Rodney M. Bates rodney.m.bates at cox.net
Fri Apr 10 00:00:55 CEST 2009


Without language changes, this could be useful.  It does use two
words instead of one, with always one or the other being wasted.
But in my 11-to-1 example, it would give 11-to-2 savings--not to be
sneezed at.

One limitation it has is, to get the benefit, you have to stored the
two-word record itself embedded wherever the pointer would have
been, not out in the heap.

So it's not a reference type and thus can't be opaque.   No type
unsafely here, but client code can not be prevented from breaking
the abstraction.   There are places in the M3 distribution where
a non-reference type has a comment (* Treat as opaque *).

Jay wrote:
> Um, what do folks think of, like:
>  
> struct
> {
>     void* Type;
>     union
>     {
>        size_t Integer;
>        void* Pointer;
>      } Value;
> } Variant;
>  
> ?
> You know -- something that is two pointers, one pointer for the type, 
> one for the value or integer?
> void* Type would actually be a pointer to something actually defined 
> and elaborate.
>  
> Obviously this is twice as large, not as small as it could be, but 
> much more general and portable.
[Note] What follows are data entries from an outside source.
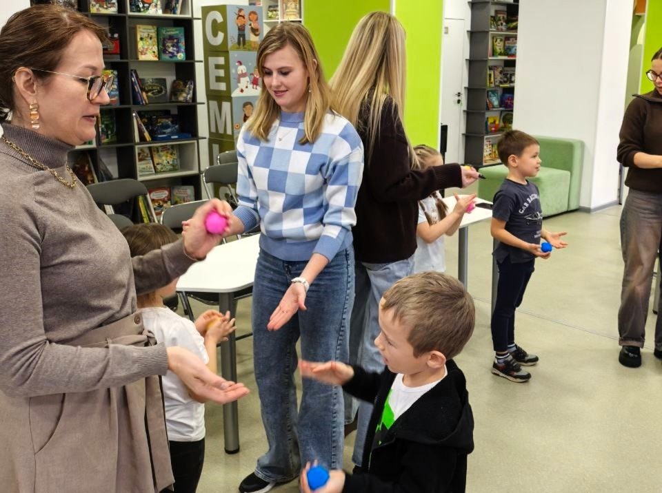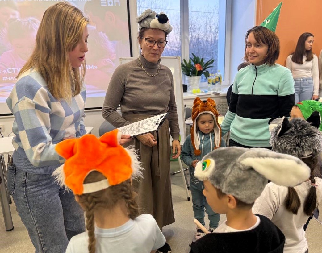 Как рассказала куратор проекта, старший преподаватель кафедры педагогики МАУ Серафима Аминова, практическая часть была организована в формате тематических зон: в творческой зоне семьи осваивали нетрадиционные техники рисования, что способствовало развитию мелкой моторики и творческого воображения; в игровой лаборатории познакомились с настольными и подвижными играми, а также нейрогимнастическими упражнениями с мячами, направленными на координацию движений, укрепление внимания и межполушарное взаимодействие; в зоне театрализации дети и взрослые познакомились с видами театрализованной деятельности и приняли участие в инсценировке сказки «Теремок», используя подручные предметы для звукового сопровождения, что стимулировало речевую активность и эмоциональную выразительность.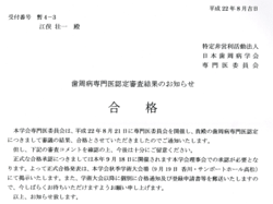 先日、今年の目標の1つである念願の日本歯周病学会歯周病専門医試験の合格通知が届きました。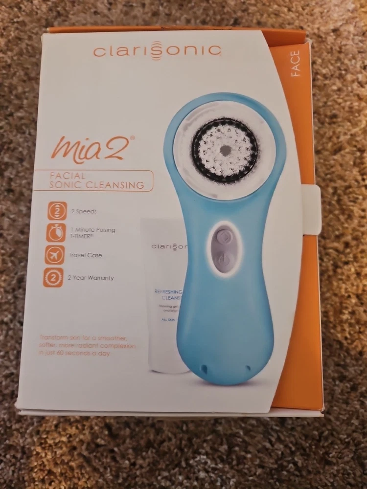 Clarisonic Mia2 Facial Sonic Cleansing Brush System Blue Case. Charger, original box, case and brush head cover included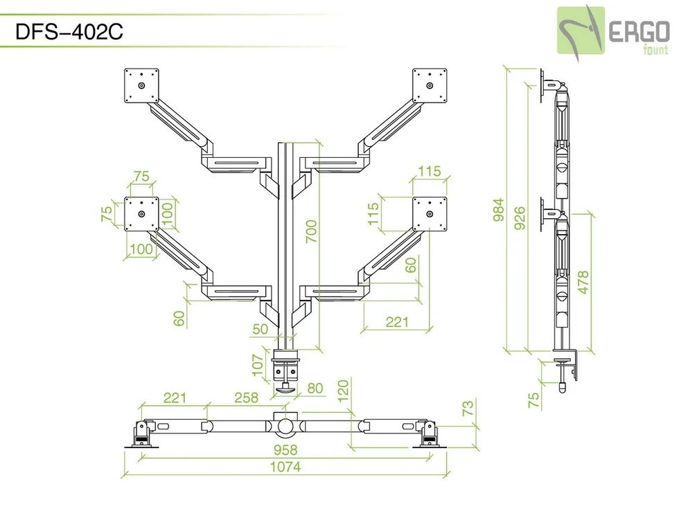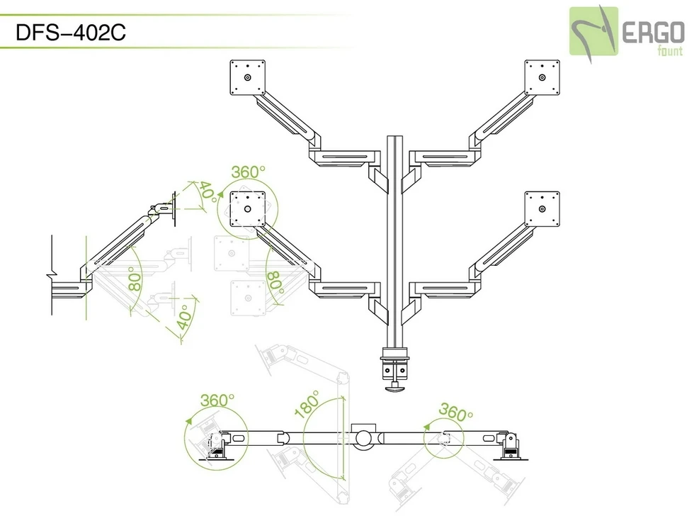 Шарнирное настольное крепление для 4-х мониторов с зажимом и кронштейном ERGO DFS-402C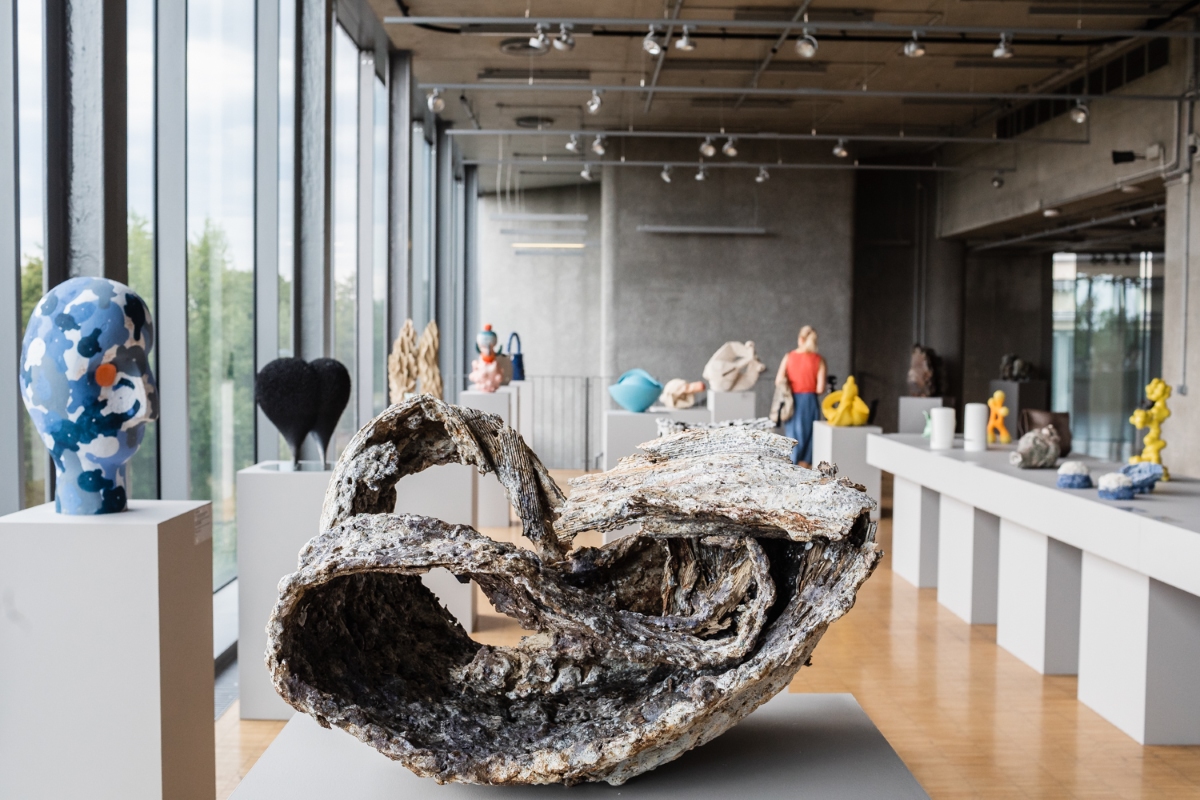 In terms of material treatment, Frozen Whispers by Nadine Bell, stands out for its use of fiberglass. Despite the closed spherical form, the artist managed to convey fragility and delicacy. The sculpture Uranos by the Greek duo Despina Chroni and Giorgos Zitis is the only one that seems to have a defined, utilitarian form, yet the description aptly directs us to the mythological Greek god of the sky. The harmonious sculptural form in an intense shade of blue refers to the harmony of the universe. Similarly, monochromatic is Radical Yellow by Eglė Einikytė-Narkevičienė, whose dynamic shape and intense color invite reflection on the significance of the sun and light. The work received a Special Partner Award in the form of a residency at the Creative Work House of the Faculty of Ceramics and Glass of the Eugeniusz Geppert Academy of Fine Arts in Wrocław.

No need to determine how many of bits 
> can be the tag.
>  
> And hope/assume for perf that such a small struct is passed in registers.
> On x86/NT 4 and 8 byte structs I think are.
>  
> Type could also be an integer, index into some table, with some 
> predefined values.
> #define TYPE_INTEGER 0
> #define TYPE_FLOAT 1
> #define TYPE_DOUBLE 2
> #define TYPE_ADDRESS 3
>  
> more generally the union would have a float, and maybe a double on 
> 64bit platforms.
>  
> OR, on 64bit platforms, you probably can, with some porting work, 
> dedicate a whole 8 bits or so to a type index, and still the thing in 
> one "word". How many bits of address space does any 64bit platform 
> these days or forseeable future actually implement?
>  
> But 32 bits doesn't seem big enough to afford that, and still this is 
> a portability problem -- anything less than a full pointer.